30-03-2012, 01:06 PM
AIRCRAFT PERFORMANCE FLIGHT SIMULATION LAB
airraft design.pdf (Size: 71.5 KB / Downloads: 28)
Discussion
In this lab exercise, you will use Microsoft Flight Simulator 2000/2002 to become more familiar with aircraft control and performance. Also, you will use the flight simulator to collect aircraft performance data just as it is done for a real aircraft. From your data you will be able to deduce performance parameters such as the parasite drag coefficient and L/D ratio.
Introduction and Use of the Flight Simulator
Spend time using Microsoft Flight Simulator 2000/2002 to learn to take off and fly an aircraft.
We suggest that you use a simple single engine aircraft model (i.e., Cessna 182) since they are
simpler and more stable than some of the other aircraft. Use the on-line tutorial as needed to
help you learn what the basic controls and instruments are, and how to operate the aircraft in a
stable way.
Airspeed and Vertical Speed Performance in a Steady Glide
We will focus on collecting performance data from an aircraft in a steady glide. We will use a
Schweizer 2-32 glider rather than a powered aircraft, which simplifies some of the calculations.
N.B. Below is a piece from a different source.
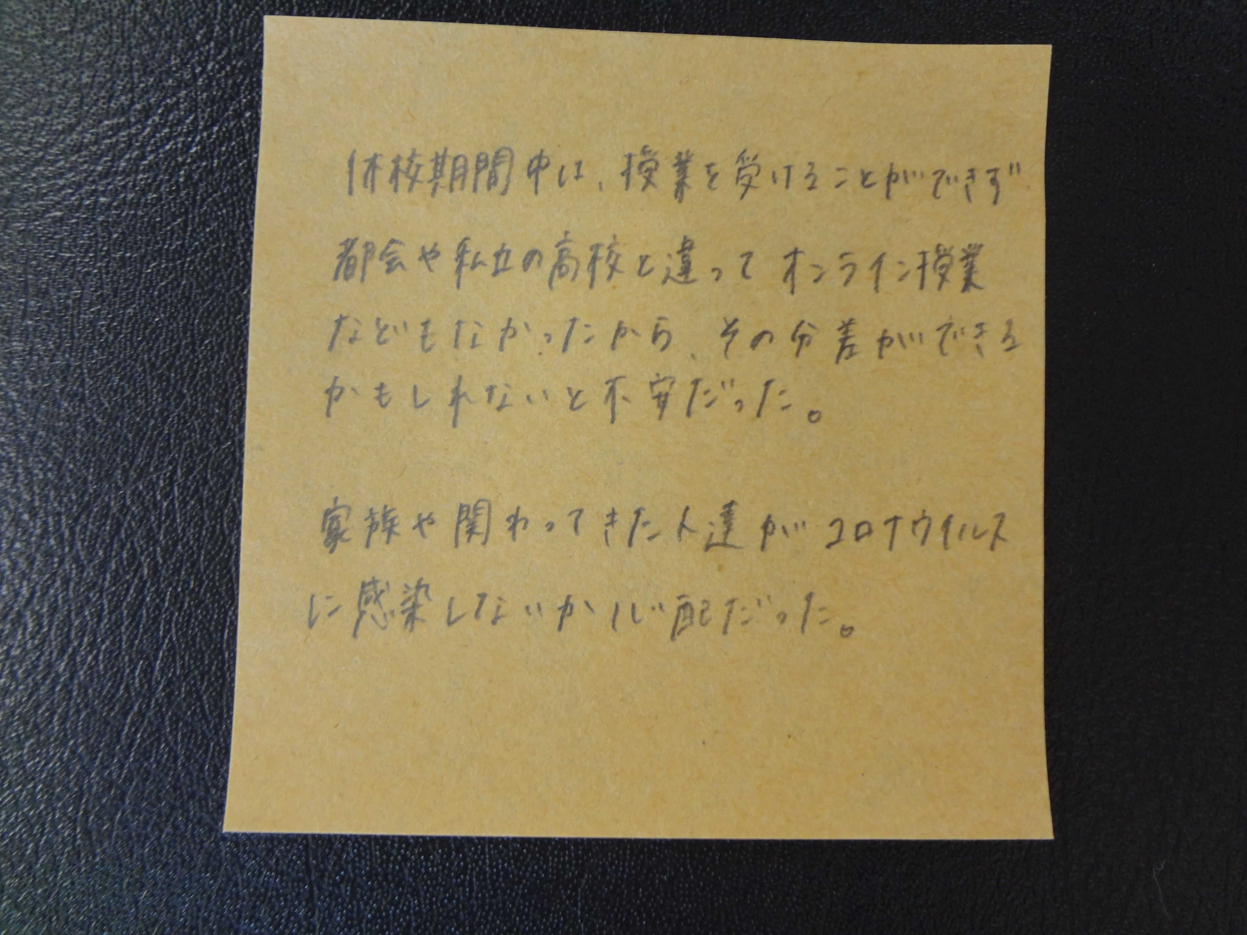 休校中の間、私たちはそれぞれに次のような思いを抱えて過ごしてきました。

You will put the glider into a series of steady flight conditions and record speed and vertical
speed (descent rate). Using these data, you will build a plot that describes how these parameters
are related, and then you will be able to compute some of the critical aerodynamic performance
parameters, such as parasite drag coefficient and L/D ratio.
Definitions
Pitch angle (θ): angle from horizon to aircraft x-body axis (line passing through the plane’s nose)
Flight path angle (γ): angle from the horizon to the aircraft’s velocity vector
Angle of attack (α): angle from the aircraft’s x-body axis to the velocity vector
True airspeed (v)